**Given data:**

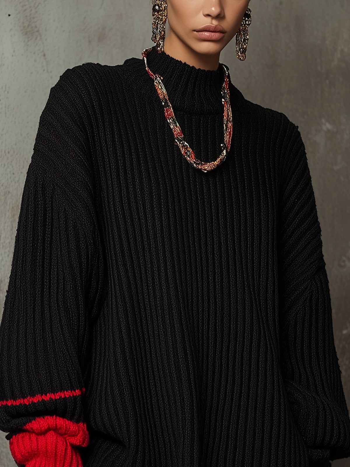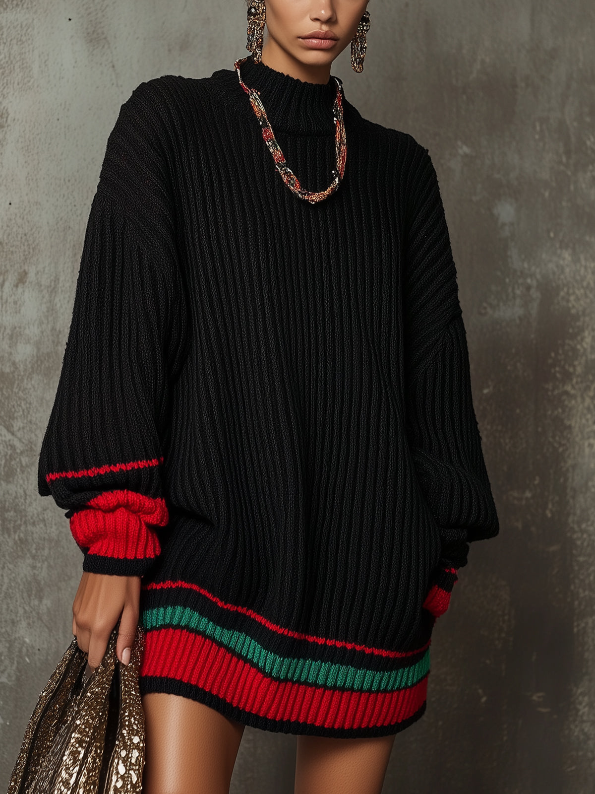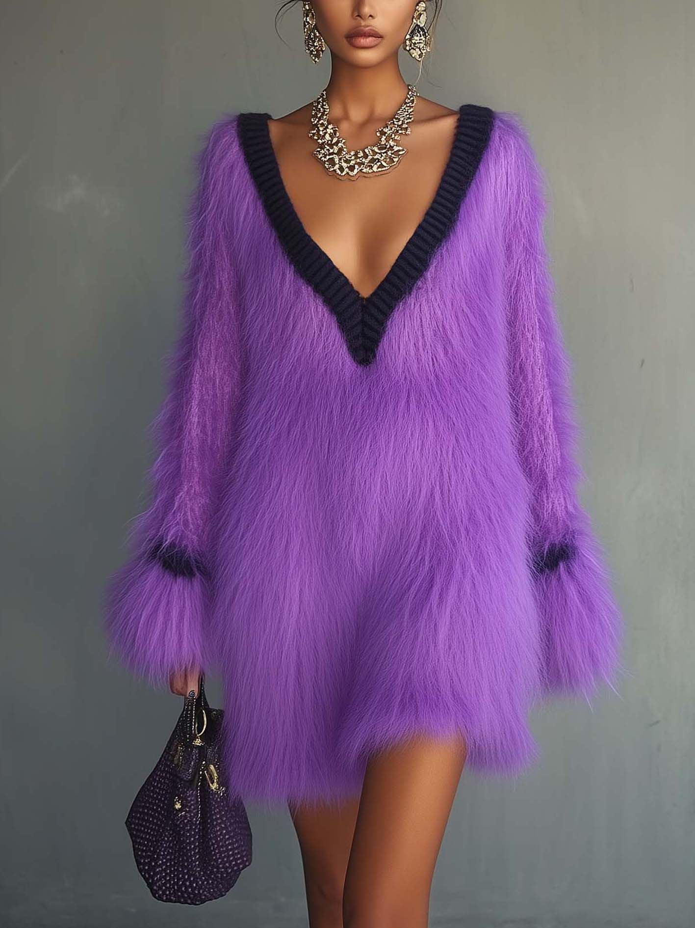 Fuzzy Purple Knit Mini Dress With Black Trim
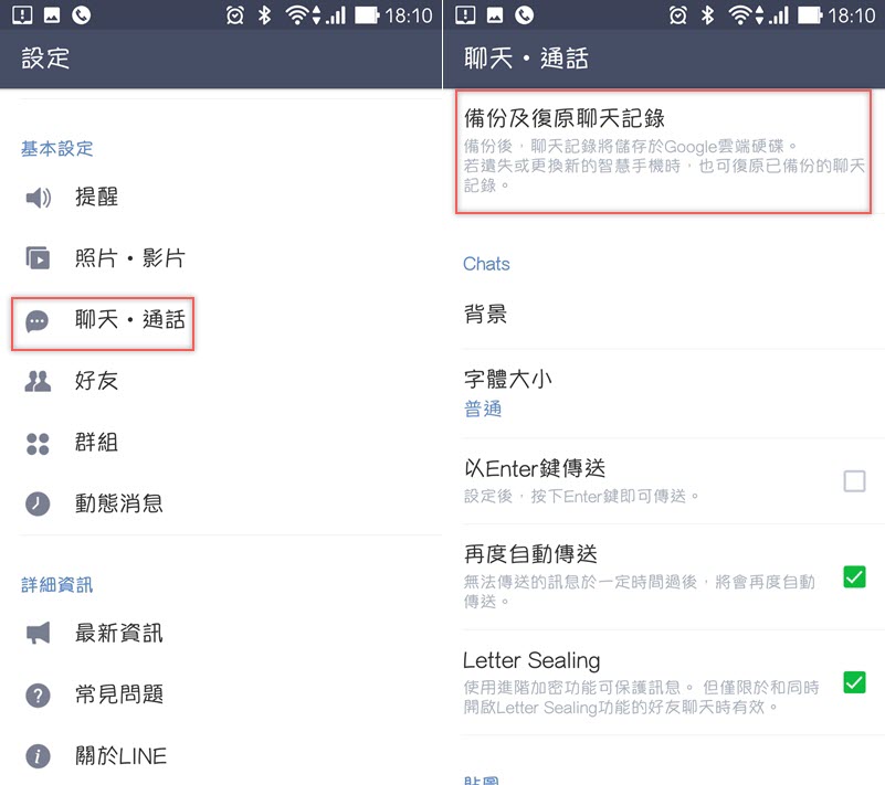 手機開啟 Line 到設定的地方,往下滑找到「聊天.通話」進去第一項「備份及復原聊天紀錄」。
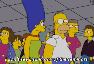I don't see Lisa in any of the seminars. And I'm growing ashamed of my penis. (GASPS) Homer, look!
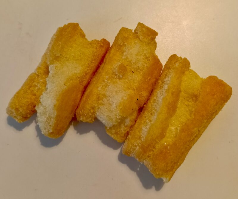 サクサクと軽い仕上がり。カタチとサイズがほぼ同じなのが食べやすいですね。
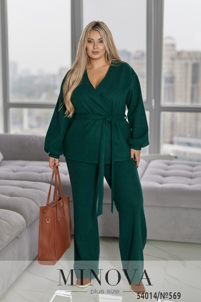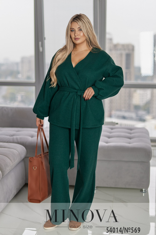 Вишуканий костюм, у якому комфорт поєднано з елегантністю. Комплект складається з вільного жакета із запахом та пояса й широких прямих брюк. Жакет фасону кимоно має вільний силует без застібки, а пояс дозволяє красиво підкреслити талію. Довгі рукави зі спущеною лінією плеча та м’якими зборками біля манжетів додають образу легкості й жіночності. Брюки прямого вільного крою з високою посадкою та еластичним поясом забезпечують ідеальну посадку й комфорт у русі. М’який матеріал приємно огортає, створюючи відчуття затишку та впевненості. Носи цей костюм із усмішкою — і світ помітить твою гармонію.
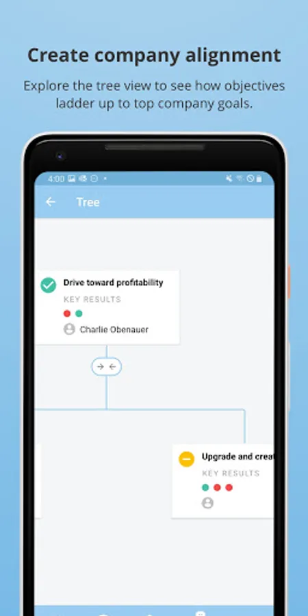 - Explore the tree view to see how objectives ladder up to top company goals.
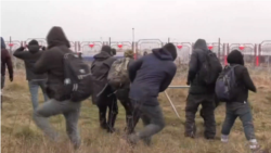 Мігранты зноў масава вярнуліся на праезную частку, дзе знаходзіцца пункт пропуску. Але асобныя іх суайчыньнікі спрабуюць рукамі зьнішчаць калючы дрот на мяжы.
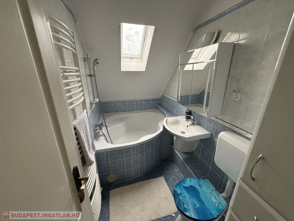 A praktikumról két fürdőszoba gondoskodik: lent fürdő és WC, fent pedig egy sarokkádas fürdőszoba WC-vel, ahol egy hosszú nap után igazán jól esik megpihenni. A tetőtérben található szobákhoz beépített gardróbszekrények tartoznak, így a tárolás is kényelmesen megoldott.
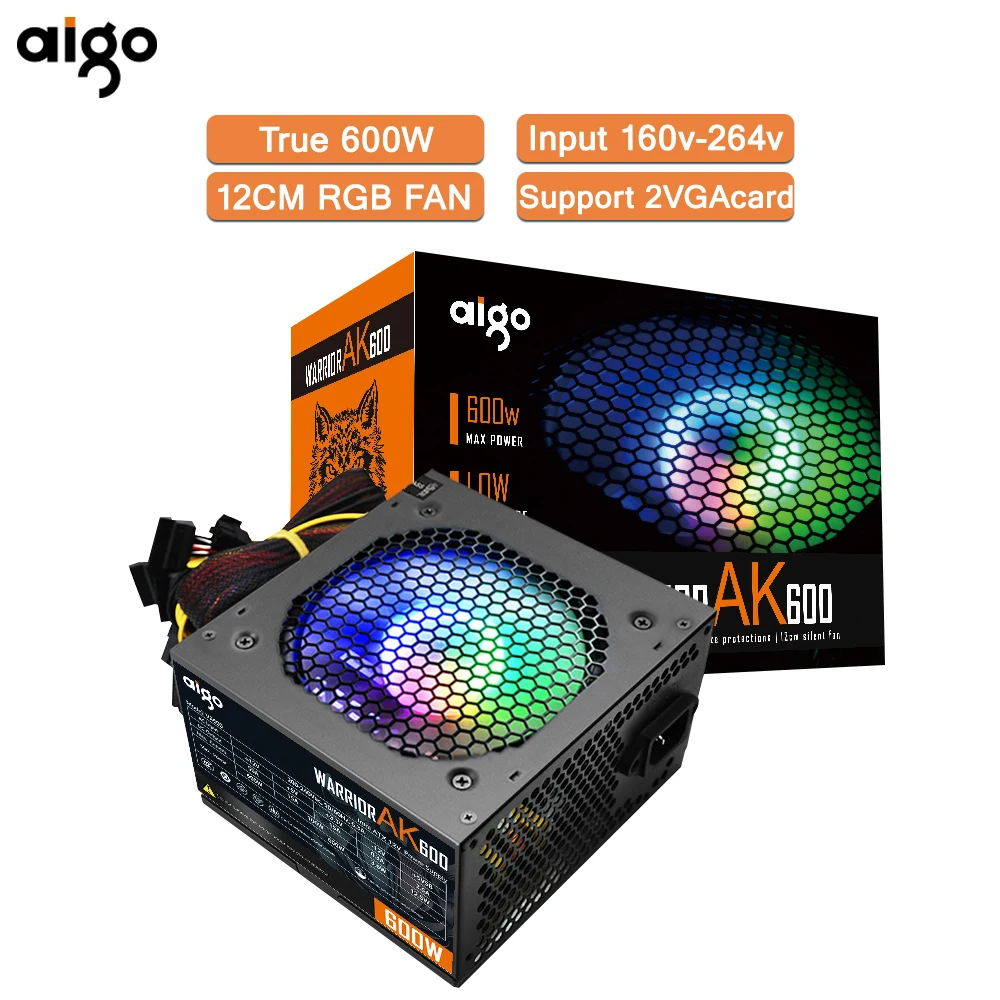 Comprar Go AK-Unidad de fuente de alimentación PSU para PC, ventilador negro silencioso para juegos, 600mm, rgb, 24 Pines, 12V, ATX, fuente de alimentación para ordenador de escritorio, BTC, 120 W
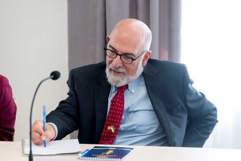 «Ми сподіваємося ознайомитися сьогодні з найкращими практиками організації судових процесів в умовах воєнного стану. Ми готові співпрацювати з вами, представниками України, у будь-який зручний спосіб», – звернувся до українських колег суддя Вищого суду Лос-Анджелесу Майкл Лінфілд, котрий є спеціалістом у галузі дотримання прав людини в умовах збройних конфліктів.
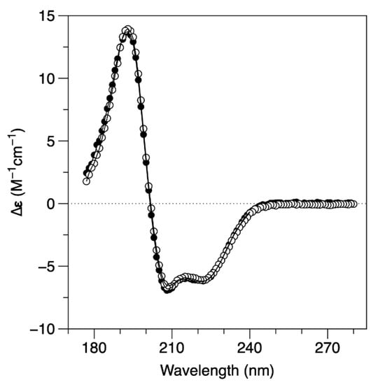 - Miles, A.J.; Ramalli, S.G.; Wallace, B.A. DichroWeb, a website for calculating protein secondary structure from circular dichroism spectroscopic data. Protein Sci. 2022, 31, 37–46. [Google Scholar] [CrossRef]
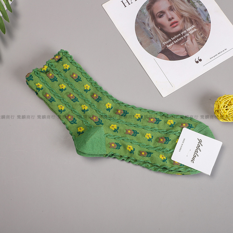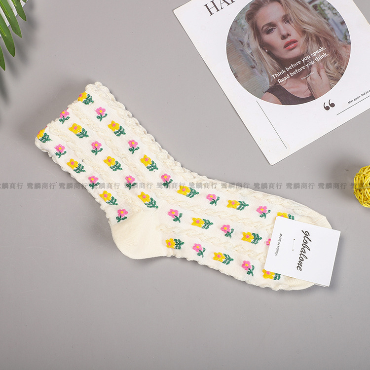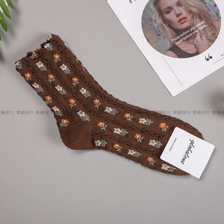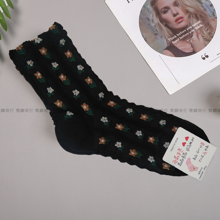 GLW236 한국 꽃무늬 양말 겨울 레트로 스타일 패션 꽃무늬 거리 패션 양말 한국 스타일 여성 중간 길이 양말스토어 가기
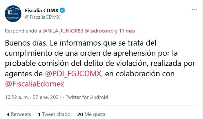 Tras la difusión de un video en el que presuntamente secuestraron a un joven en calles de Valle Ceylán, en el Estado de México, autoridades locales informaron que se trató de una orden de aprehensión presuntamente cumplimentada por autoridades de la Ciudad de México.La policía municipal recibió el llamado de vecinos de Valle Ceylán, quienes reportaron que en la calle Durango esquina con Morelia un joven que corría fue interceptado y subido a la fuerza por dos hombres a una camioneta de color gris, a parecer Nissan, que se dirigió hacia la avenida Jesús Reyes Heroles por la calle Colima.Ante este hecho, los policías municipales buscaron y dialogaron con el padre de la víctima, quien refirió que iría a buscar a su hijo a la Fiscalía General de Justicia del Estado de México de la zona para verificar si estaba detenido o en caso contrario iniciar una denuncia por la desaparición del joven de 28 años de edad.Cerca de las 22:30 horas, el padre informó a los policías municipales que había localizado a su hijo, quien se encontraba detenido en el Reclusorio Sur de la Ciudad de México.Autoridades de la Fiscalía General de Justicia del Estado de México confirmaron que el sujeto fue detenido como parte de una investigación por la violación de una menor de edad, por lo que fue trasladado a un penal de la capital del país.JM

**What to do:** Everything above should be given again exactly, apart from the pictures.

**Exercise output:**
 Fuzzy Purple Knit Mini Dress With Black Trim
 手機開啟 Line 到設定的地方,往下滑找到「聊天.通話」進去第一項「備份及復原聊天紀錄」。
I don't see Lisa in any of the seminars. And I'm growing ashamed of my penis. (GASPS) Homer, look!
 サクサクと軽い仕上がり。カタチとサイズがほぼ同じなのが食べやすいですね。
 Вишуканий костюм, у якому комфорт поєднано з елегантністю. Комплект складається з вільного жакета із запахом та пояса й широких прямих брюк. Жакет фасону кимоно має вільний силует без застібки, а пояс дозволяє красиво підкреслити талію. Довгі рукави зі спущеною лінією плеча та м’якими зборками біля манжетів додають образу легкості й жіночності. Брюки прямого вільного крою з високою посадкою та еластичним поясом забезпечують ідеальну посадку й комфорт у русі. М’який матеріал приємно огортає, створюючи відчуття затишку та впевненості. Носи цей костюм із усмішкою — і світ помітить твою гармонію.
 - Explore the tree view to see how objectives ladder up to top company goals.
 Мігранты зноў масава вярнуліся на праезную частку, дзе знаходзіцца пункт пропуску. Але асобныя іх суайчыньнікі спрабуюць рукамі зьнішчаць калючы дрот на мяжы.
 A praktikumról két fürdőszoba gondoskodik: lent fürdő és WC, fent pedig egy sarokkádas fürdőszoba WC-vel, ahol egy hosszú nap után igazán jól esik megpihenni. A tetőtérben található szobákhoz beépített gardróbszekrények tartoznak, így a tárolás is kényelmesen megoldott.
 Comprar Go AK-Unidad de fuente de alimentación PSU para PC, ventilador negro silencioso para juegos, 600mm, rgb, 24 Pines, 12V, ATX, fuente de alimentación para ordenador de escritorio, BTC, 120 W
 «Ми сподіваємося ознайомитися сьогодні з найкращими практиками організації судових процесів в умовах воєнного стану. Ми готові співпрацювати з вами, представниками України, у будь-який зручний спосіб», – звернувся до українських колег суддя Вищого суду Лос-Анджелесу Майкл Лінфілд, котрий є спеціалістом у галузі дотримання прав людини в умовах збройних конфліктів.
 - Miles, A.J.; Ramalli, S.G.; Wallace, B.A. DichroWeb, a website for calculating protein secondary structure from circular dichroism spectroscopic data. Protein Sci. 2022, 31, 37–46. [Google Scholar] [CrossRef]
 GLW236 한국 꽃무늬 양말 겨울 레트로 스타일 패션 꽃무늬 거리 패션 양말 한국 스타일 여성 중간 길이 양말스토어 가기
 Tras la difusión de un video en el que presuntamente secuestraron a un joven en calles de Valle Ceylán, en el Estado de México, autoridades locales informaron que se trató de una orden de aprehensión presuntamente cumplimentada por autoridades de la Ciudad de México.La policía municipal recibió el llamado de vecinos de Valle Ceylán, quienes reportaron que en la calle Durango esquina con Morelia un joven que corría fue interceptado y subido a la fuerza por dos hombres a una camioneta de color gris, a parecer Nissan, que se dirigió hacia la avenida Jesús Reyes Heroles por la calle Colima.Ante este hecho, los policías municipales buscaron y dialogaron con el padre de la víctima, quien refirió que iría a buscar a su hijo a la Fiscalía General de Justicia del Estado de México de la zona para verificar si estaba detenido o en caso contrario iniciar una denuncia por la desaparición del joven de 28 años de edad.Cerca de las 22:30 horas, el padre informó a los policías municipales que había localizado a su hijo, quien se encontraba detenido en el Reclusorio Sur de la Ciudad de México.Autoridades de la Fiscalía General de Justicia del Estado de México confirmaron que el sujeto fue detenido como parte de una investigación por la violación de una menor de edad, por lo que fue trasladado a un penal de la capital del país.JM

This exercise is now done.